■ **PROBLEM DETAILS**: Exact copies of all the lines below are wanted, without a single picture.

[SOURCE INFORMATION — start]

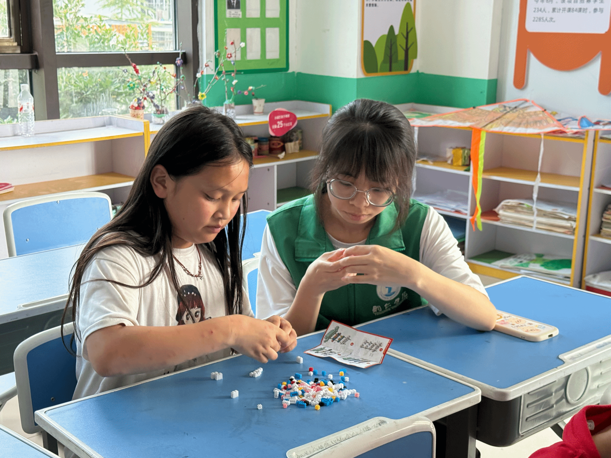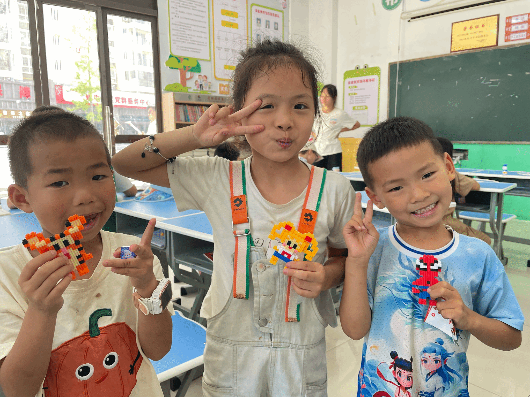 在手工课上,志愿者为每个小朋友准备了积木拼装,活动中小朋友独立完成积木还原过程。这些课程不仅丰富了孩子们的课余生活,更让他们发现了自身的兴趣与潜能。
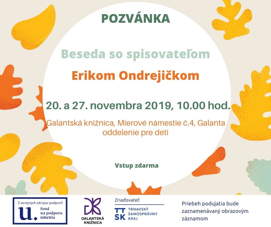 Už 15.11.2019 nás čaká beseda so spisovateľkou detských kníh Ivanou Jungovou. Na Večerných tvorivých dialógoch privítame ilustrátora detskej literatúry Juraja Martišku prvý decembrový týždeň, v piatok 6.12.2019
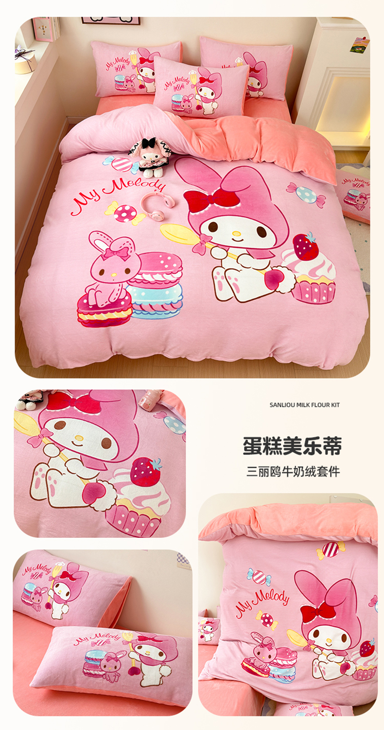 当前位置: 91家纺网 > 商品网购 > 床品套件 > 四件套 > 牛奶绒四件套 > 孩子王家纺 2024新款正版授权三丽鸥库洛米大版卡通学生宿舍双面加厚牛奶绒系列四件套--提供买家秀 蛋糕美乐蒂
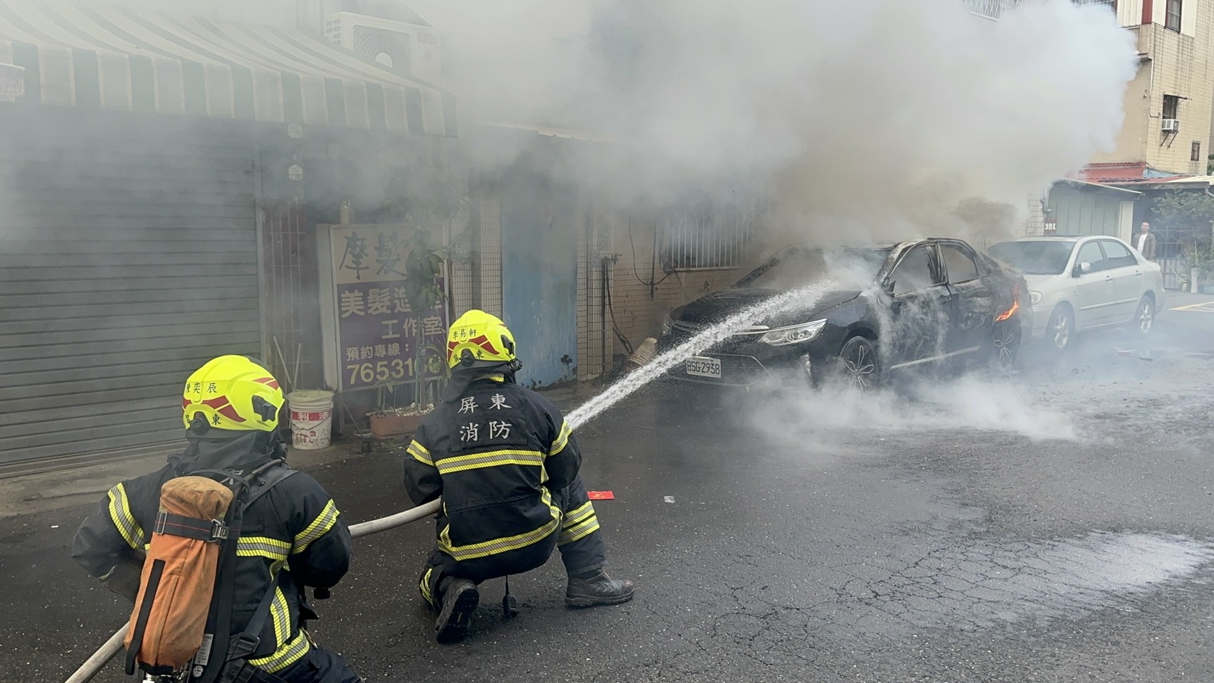 屏東市火燒車消防隊員前往灌救。翻攝畫面
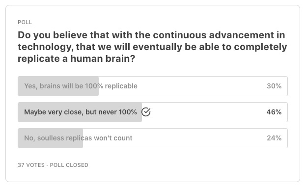 For the brain question, most voters seemed to hold a belief that there is some uniqueness to being human that AI and technology will not be able to completely replicate. That very same topic is the point of discussion in the 8th link in this monthâs ten must see links list. If you scrolled past it, definitely scroll back up and give it a watch - especially if you voted on this poll. Youâll enjoy it.
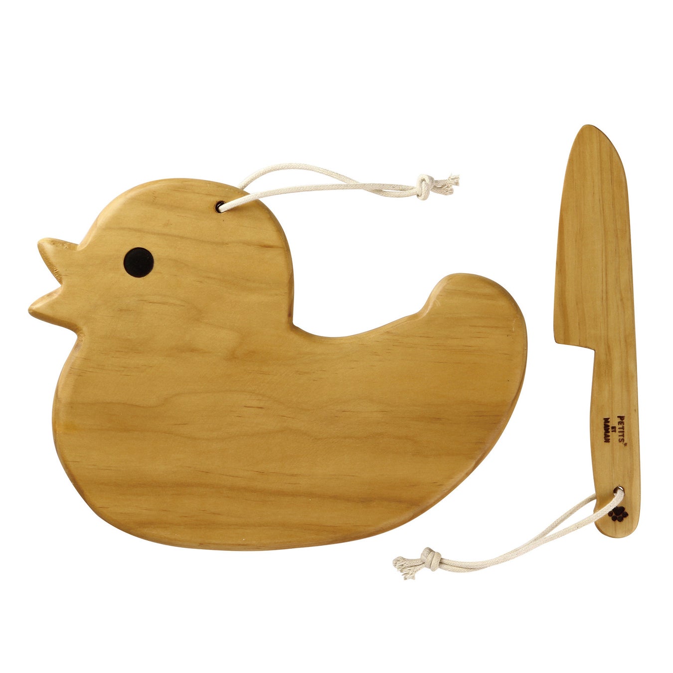 木の温もりを感じられる安心の素材でできた包丁と可愛らしいカッティングボード。子供でも扱いやすい軽量な素材のパイン材(ウレタン塗装)を採用しました。
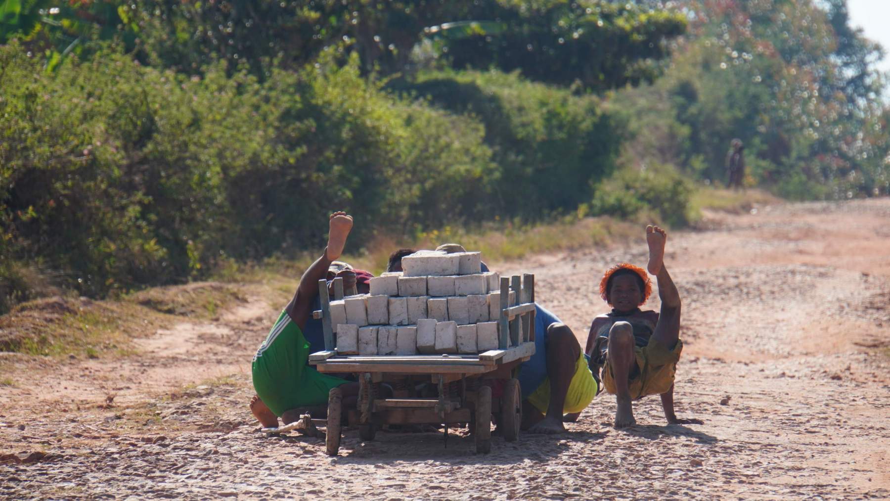 Frauen waschen Kleidung an den Flüssen oder in den Reisfeldern. Männer hingegen die Autos/Fahrräder/Rickschas. Kinder spielen zum Teil mit selbstgebauten Spielzeug aus zB. Holzstecker, Nagel und zwei Kapseln oder Fußball mit einem „Ball“ aus zusammengeknüllten Pladtiksäckchen und diese fest zugeschnürt. Links und rechts lodern die aufgetürmten Ziegelbauwerke zum Ausbrennen und wo einst Bäume standen brennen jetzt kleine Kohlenmeiler um die Kohle zu verkaufen oder selber zu nützen.
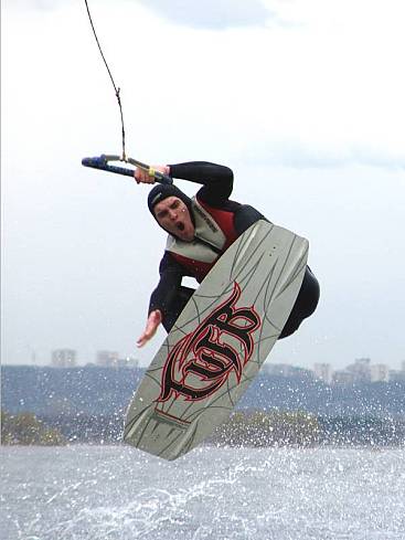 Единственное событие, которое может помешать вейкбордисту встать на воду – сильный ветер, создающий большие волны на поверхности воды или милицейский патруль, который может просто всех пригласить к себе в гости. Но в нашем случае стражи порядка решили не всмешиваться в групповое сумасшествие. Ветер же наоборот, решил не сдаваться, и показал себя во всей красе. В такой ситуации выполнение трюков крайне осложняется и даже становится опасным. Поэтому в середине дня пришлось подойти к берегу, и на несколько часов отложить катания на вейке. Но необыкновенные приключения в Ломоносовской акватории с увеличением силы ветра только приобрели новый виток. Кататься на вейке в ветер плохо, но в нашем многогранном мире просто должно существовать что-то такое, на чем в ветер можно просто «офигенно» катать! Этим «спасательным кругом» для нас стал кайт.
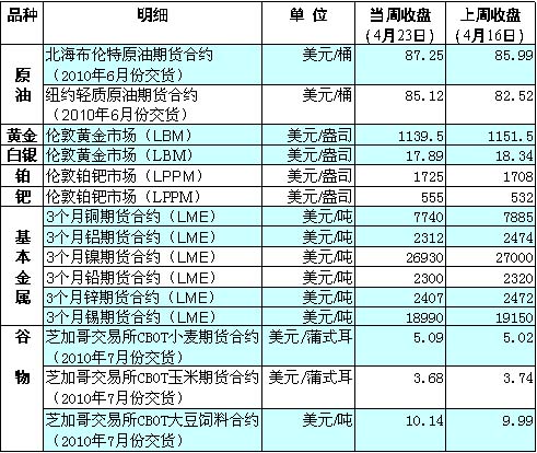)原油期貨價格當周初出現較大幅度回調,周二(20日)受冰島火山灰影響各大航空公司紛紛取消航班,對需求的擔憂使得原油跌幅進一步擴大。周三(21日)商業庫存意外大幅上升也給原油價格構成壓力。而美國新房銷售數據上升,提振了經濟復蘇的樂觀情緒,令國際油價周五(23日)全面走高,紐約市場油價收于每桶85.12美元。 貴金屬方面,當周鈀價創兩年來最高水平。巴克萊資本分析師庫珀認為,這主要是“由于投資創新紀錄以及中國進口強勁”。由于高盛被訴,導致美元走軟,國際金價當周未能繼續上漲,周五,倫敦黃金市場金價跌至每盎司1139.5美元。 基本金屬當周全線走跌。倫敦基本金屬價格多數小幅下挫,顯示市場還沒有完全從高盛事件中恢復過來。 受天氣因素以及投資者獲利了結的影響,芝加哥期貨交易所(CBO
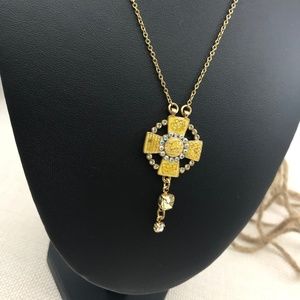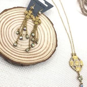 Gorgeous matching set of long dangle earrings and necklace. Features a beautiful cross enamel with sparkling crystals! Hand made with hypoallergenic materials in Denmark, with love and care. Made by Pilgrim a very popular brand in Europe and high-end department stores.
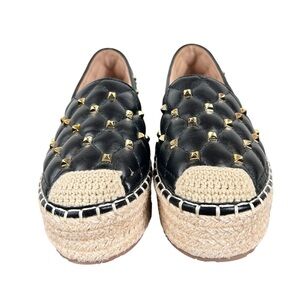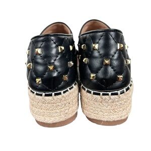 Prima Donna black gold-studded platform wedge sneaker loafer, 36, Slip Ons
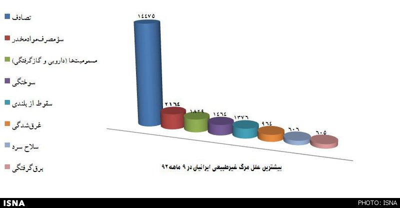 بر اساس آمار سازمان پزشکی قانونی از ابتدای سال 92 تا پایان آذر ماه تصادف، سوء مصرف مواد مخدر و مسمومیت اعم از دارویی و گازگرفتگی درصدر علل مرگهای غیرطبیعی ایرانیان بود و نگاهی به این آمار در مدت مشابه سال قبل نیز حاکی از این است که مرگهای غیرطبیعی با همین رده بندی و ترتیب به سراغ بسیاری آمده است.
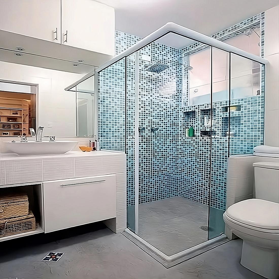 Com altura padrão de 1,90m, o box proporciona excelente contenção de respingos, mantendo o banheiro sempre seco e organizado. Seu formato de canto é indicado para vãos de 100x100cm, sendo perfeito para banheiros maiores ou projetos que valorizam conforto e sofisticação.
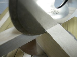I reinstalled the dado stack. I am always careful to position the teeth of one blade in the gullets (spaces between the teeth) of the adjacent ones. Doing this protects the brittle carbide teeth and ensures that the cutters stack properly. In order to set my dado stack to be precisely as wide as my stock is thick, I built the stack slightly undersize using the two outside blades and inside chippers, then inserted shims between the blades as well to intentionally make the stack too wide. Then I made a notch in a scrap and tested the fit of one of the strips that would be used for the core. As expected, the fit was loose. Here’s the trick: I then fit shims into the gap until I had a good fit. The width of the shims inserted represent what I needed to remove from the dado stack to get the perfect fit. In my case, a 0.020″ and 0.005″ shim filled the gap, so I needed to remove 0.025″ of shims from my dado stack. Thanks to my friend Charles for showing me this trick.
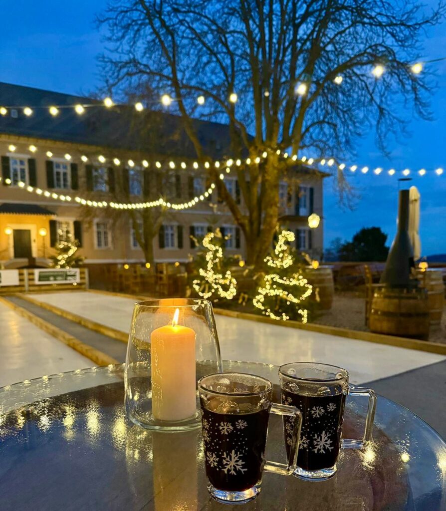 Der Winter steht vor der Tür und unser Weingarten verwandelt sich ab Mitte November zu unserem stimmungsvollen „Glühweinzauber“. Hier gestalten wir einen Bereich, der Gäste dazu einlädt, sich an unseren Weihnachtsmarkt-Hütten kulinarisch verwöhnen zu lassen, gemütliche Stunden in einzigartigem Ambiente zu verbringen oder auf unserer künstlichen Eisstockbahn sportlich aktiv zu werden. Viele Besucherinnen und Besucher nutzen den Winterzauber auch als idealen Rahmen für ihre Weihnachtsfeier oder ein festliches Beisammensein im Kreise Ihrer Kollegen und Liebsten.
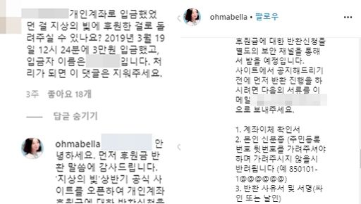 이에 윤씨는 댓글로 “후원금 반환은 상반기 ‘지상의 빛’ 공식사이트를 오픈해 개인계좌 후원금에 대한 반환신청을 별도의 보안 채널로 할 예정”이라면서도 “사이트에 공지하기 전 먼저 반환을 진행하려면 계좌 이체 확인서, 본인 신분증, 반환 사유서 및 서명 등을 포함해 특정 메일로 보내달라”고 답했다.
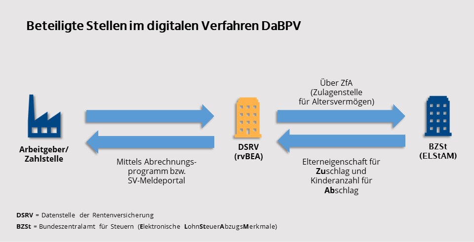 Das Bundeszentralamt für Steuern (BZSt), der Spitzenverband Bund der Pflegekassen und die Deutsche Rentenversicherung Bund haben die Gemeinsamen Grundsätze vom 29. August 2024 aufgestellt. Danach gilt (Ziffer 1.2): „Die Teilnahme am DaBPV ist für alle beitragsabführenden Stellen, die zur Berücksichtigung von Zu- und Abschlägen in der sozialen Pflegeversicherung verpflichtet sind, obligatorisch.“ Die Gemeinsamen Grundsätze (sowie nach deren Finalisierung später auch die von der ZfA aufzustellende Verfahrensbeschreibung) können wertvolle Unterstützung beim Start in das neue Verfahren leisten.
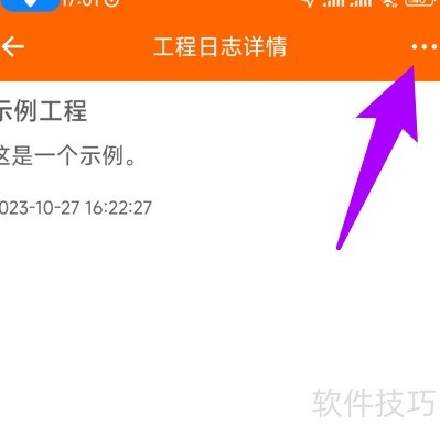2、 在工程日志详情页点击右上角三点图标。
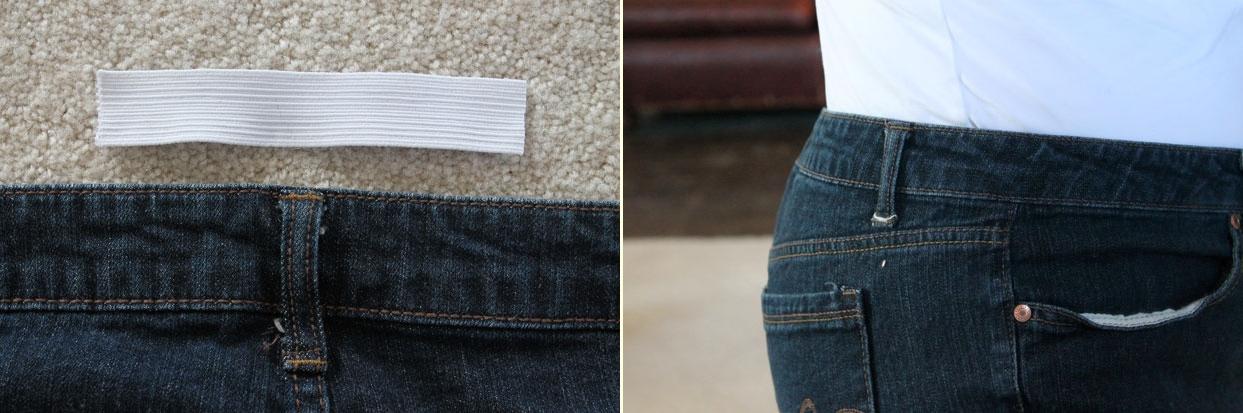 2. How to Take in the Waist on a Pair of Blue Jeans: How to Take in the Waist on a Pair of Blue Jeans. If your waist is quite a bit smaller than your hips, you may suffer from gaposis when you buy jeans to fit your hips. This leaves plenty of room in the waistband, creating a clear view of, ahem, you know, your unmentionables. Well, there is a fix for your jeans to help keep those… (via eHow)

[SOURCE INFORMATION — finish]

■ **ANSWER TO THIS PROBLEM**:
 在手工课上,志愿者为每个小朋友准备了积木拼装,活动中小朋友独立完成积木还原过程。这些课程不仅丰富了孩子们的课余生活,更让他们发现了自身的兴趣与潜能。
 Už 15.11.2019 nás čaká beseda so spisovateľkou detských kníh Ivanou Jungovou. Na Večerných tvorivých dialógoch privítame ilustrátora detskej literatúry Juraja Martišku prvý decembrový týždeň, v piatok 6.12.2019
 当前位置: 91家纺网 > 商品网购 > 床品套件 > 四件套 > 牛奶绒四件套 > 孩子王家纺 2024新款正版授权三丽鸥库洛米大版卡通学生宿舍双面加厚牛奶绒系列四件套--提供买家秀 蛋糕美乐蒂
 屏東市火燒車消防隊員前往灌救。翻攝畫面
 For the brain question, most voters seemed to hold a belief that there is some uniqueness to being human that AI and technology will not be able to completely replicate. That very same topic is the point of discussion in the 8th link in this monthâs ten must see links list. If you scrolled past it, definitely scroll back up and give it a watch - especially if you voted on this poll. Youâll enjoy it.
 木の温もりを感じられる安心の素材でできた包丁と可愛らしいカッティングボード。子供でも扱いやすい軽量な素材のパイン材(ウレタン塗装)を採用しました。
 Frauen waschen Kleidung an den Flüssen oder in den Reisfeldern. Männer hingegen die Autos/Fahrräder/Rickschas. Kinder spielen zum Teil mit selbstgebauten Spielzeug aus zB. Holzstecker, Nagel und zwei Kapseln oder Fußball mit einem „Ball“ aus zusammengeknüllten Pladtiksäckchen und diese fest zugeschnürt. Links und rechts lodern die aufgetürmten Ziegelbauwerke zum Ausbrennen und wo einst Bäume standen brennen jetzt kleine Kohlenmeiler um die Kohle zu verkaufen oder selber zu nützen.
 Единственное событие, которое может помешать вейкбордисту встать на воду – сильный ветер, создающий большие волны на поверхности воды или милицейский патруль, который может просто всех пригласить к себе в гости. Но в нашем случае стражи порядка решили не всмешиваться в групповое сумасшествие. Ветер же наоборот, решил не сдаваться, и показал себя во всей красе. В такой ситуации выполнение трюков крайне осложняется и даже становится опасным. Поэтому в середине дня пришлось подойти к берегу, и на несколько часов отложить катания на вейке. Но необыкновенные приключения в Ломоносовской акватории с увеличением силы ветра только приобрели новый виток. Кататься на вейке в ветер плохо, но в нашем многогранном мире просто должно существовать что-то такое, на чем в ветер можно просто «офигенно» катать! Этим «спасательным кругом» для нас стал кайт.
)原油期貨價格當周初出現較大幅度回調,周二(20日)受冰島火山灰影響各大航空公司紛紛取消航班,對需求的擔憂使得原油跌幅進一步擴大。周三(21日)商業庫存意外大幅上升也給原油價格構成壓力。而美國新房銷售數據上升,提振了經濟復蘇的樂觀情緒,令國際油價周五(23日)全面走高,紐約市場油價收于每桶85.12美元。 貴金屬方面,當周鈀價創兩年來最高水平。巴克萊資本分析師庫珀認為,這主要是“由于投資創新紀錄以及中國進口強勁”。由于高盛被訴,導致美元走軟,國際金價當周未能繼續上漲,周五,倫敦黃金市場金價跌至每盎司1139.5美元。 基本金屬當周全線走跌。倫敦基本金屬價格多數小幅下挫,顯示市場還沒有完全從高盛事件中恢復過來。 受天氣因素以及投資者獲利了結的影響,芝加哥期貨交易所(CBO
 Gorgeous matching set of long dangle earrings and necklace. Features a beautiful cross enamel with sparkling crystals! Hand made with hypoallergenic materials in Denmark, with love and care. Made by Pilgrim a very popular brand in Europe and high-end department stores.
 Prima Donna black gold-studded platform wedge sneaker loafer, 36, Slip Ons
 بر اساس آمار سازمان پزشکی قانونی از ابتدای سال 92 تا پایان آذر ماه تصادف، سوء مصرف مواد مخدر و مسمومیت اعم از دارویی و گازگرفتگی درصدر علل مرگهای غیرطبیعی ایرانیان بود و نگاهی به این آمار در مدت مشابه سال قبل نیز حاکی از این است که مرگهای غیرطبیعی با همین رده بندی و ترتیب به سراغ بسیاری آمده است.
 Com altura padrão de 1,90m, o box proporciona excelente contenção de respingos, mantendo o banheiro sempre seco e organizado. Seu formato de canto é indicado para vãos de 100x100cm, sendo perfeito para banheiros maiores ou projetos que valorizam conforto e sofisticação.
I reinstalled the dado stack. I am always careful to position the teeth of one blade in the gullets (spaces between the teeth) of the adjacent ones. Doing this protects the brittle carbide teeth and ensures that the cutters stack properly. In order to set my dado stack to be precisely as wide as my stock is thick, I built the stack slightly undersize using the two outside blades and inside chippers, then inserted shims between the blades as well to intentionally make the stack too wide. Then I made a notch in a scrap and tested the fit of one of the strips that would be used for the core. As expected, the fit was loose. Here’s the trick: I then fit shims into the gap until I had a good fit. The width of the shims inserted represent what I needed to remove from the dado stack to get the perfect fit. In my case, a 0.020″ and 0.005″ shim filled the gap, so I needed to remove 0.025″ of shims from my dado stack. Thanks to my friend Charles for showing me this trick.
 Der Winter steht vor der Tür und unser Weingarten verwandelt sich ab Mitte November zu unserem stimmungsvollen „Glühweinzauber“. Hier gestalten wir einen Bereich, der Gäste dazu einlädt, sich an unseren Weihnachtsmarkt-Hütten kulinarisch verwöhnen zu lassen, gemütliche Stunden in einzigartigem Ambiente zu verbringen oder auf unserer künstlichen Eisstockbahn sportlich aktiv zu werden. Viele Besucherinnen und Besucher nutzen den Winterzauber auch als idealen Rahmen für ihre Weihnachtsfeier oder ein festliches Beisammensein im Kreise Ihrer Kollegen und Liebsten.
 이에 윤씨는 댓글로 “후원금 반환은 상반기 ‘지상의 빛’ 공식사이트를 오픈해 개인계좌 후원금에 대한 반환신청을 별도의 보안 채널로 할 예정”이라면서도 “사이트에 공지하기 전 먼저 반환을 진행하려면 계좌 이체 확인서, 본인 신분증, 반환 사유서 및 서명 등을 포함해 특정 메일로 보내달라”고 답했다.
 Das Bundeszentralamt für Steuern (BZSt), der Spitzenverband Bund der Pflegekassen und die Deutsche Rentenversicherung Bund haben die Gemeinsamen Grundsätze vom 29. August 2024 aufgestellt. Danach gilt (Ziffer 1.2): „Die Teilnahme am DaBPV ist für alle beitragsabführenden Stellen, die zur Berücksichtigung von Zu- und Abschlägen in der sozialen Pflegeversicherung verpflichtet sind, obligatorisch.“ Die Gemeinsamen Grundsätze (sowie nach deren Finalisierung später auch die von der ZfA aufzustellende Verfahrensbeschreibung) können wertvolle Unterstützung beim Start in das neue Verfahren leisten.
2、 在工程日志详情页点击右上角三点图标。
 2. How to Take in the Waist on a Pair of Blue Jeans: How to Take in the Waist on a Pair of Blue Jeans. If your waist is quite a bit smaller than your hips, you may suffer from gaposis when you buy jeans to fit your hips. This leaves plenty of room in the waistband, creating a clear view of, ahem, you know, your unmentionables. Well, there is a fix for your jeans to help keep those… (via eHow)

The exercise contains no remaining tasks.